William Ladewig and Paula W. Dail, a Menomonee Falls couple, have written a book entitled Memories of You: A Healing Journey Through the Garden of Grief.
Yes, countless books about death, dying and grieving have been published, but Memories of You enlists the reader as biographer and engages the grief process that is measured by one’s own timeline. It is a process that enriches the present by remembering the past. “We are a society that asks us to grieve and move on. Other cultures don’t do that. They figure out ways to integrate the loss into their lives,” Dail says.
Although our physical bodies die, our lives live on in those who remember. Historians have been capturing and recording the lives of famous men and women throughout time, giving us some insight into our collective past. It seems natural that we would do the same for those most important to us – parents, spouses, siblings, best friends. Unfortunately, we don’t because we don’t know where to or how to start. It is not only healing and helpful to remember and record, but it gives to those who come after us invaluable insight and a sense of connection, Ladewig says.
With contributions from grief therapists and those who have experienced loss, Ladewig and Dail have constructed prompts throughout the book to help capture memories. Structured as a workbook or journal, it allows the reader to create a biography of the loved one through “refreshed recollection,” Ladewig says. “You’ll notice the older you get, the more difficult it is to pass on memories.” He says many memories of his mother come from conversations with his sisters that spur his own recollections. “Talking about my mother and putting words to paper helped to understand her place in our family – what she was like and how she enriched my life.”

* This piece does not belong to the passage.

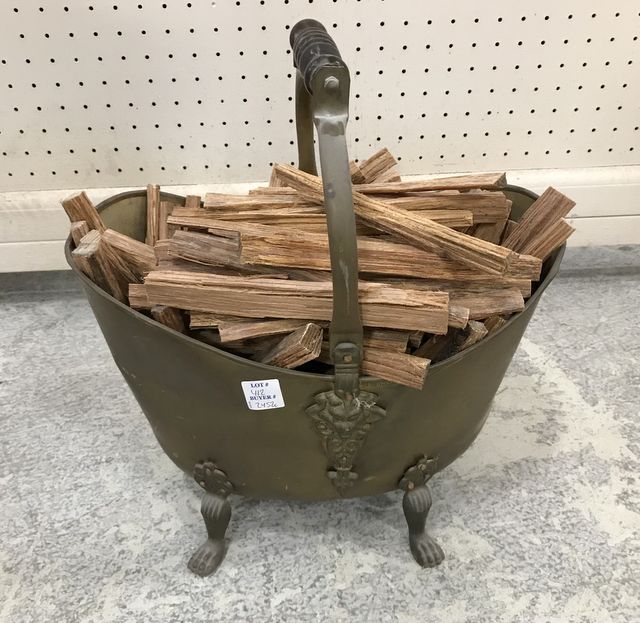 Vintage Copper Kindling Wood Bin, handled, footed, included kindling, 14"h., 14"w. Vintage Copper Kindling Wood Bin, handled, footed, included kindling, 14"h., 14"w.

At 14, Ladewig lost his mother, and an entire week passed before he allowed himself to cry. “At that point, I had realized how much I had lost,” he says. Although the book was probably always in him, it wasn’t until seven or eight years ago that he began to write it. “My son had just moved to Washington D.C. and my father had passed away years earlier…”
Ladewig put the “work in progress” away only to ask his wife of less than a year to collaborate in finishing the book. “We worked on it for about six or seven months – off and on. It takes time, research and reflection to write something like this,” Dail says.
Dail, who holds a PhD in sociology and community resource development and is a novelist and playwright, says grief can define your life. “There is more to grief than just the loss. It depends on the relationship. We can grieve the death of someone we don’t even know. There are so many varying beliefs about dying. Some believe that life is an infinite process; some believe in Heaven and the hereafter. Whatever is your belief, loss is painful.”
Memories of You engages the reader in a process, but Ladewig says you should make it your own. There are places in the book to include personal items such as photos or a favorite recipe written in the loved one’s handwriting.
“It allows you to create a verbal portrait. It uses the transformative power of words to help the person grieve well and to find a peace that’s good,” Dail says. The book helps readers to focus their reflections, both the good and the bad, she says.
Captured memories of one who has passed can be cathartic, but Ladewig sees it more as a gift. “This book is so valuable because it allows the one who is writing the memories to put their arms around their memories and pass on those reflections and recollections to the next generation.”
Dail also experienced profound grief in her early thirties. “I lost someone who was very dear to me. It was sudden and it changed my life.” Dail admits all life experiences change us, but it is up to us how the experience will affect us.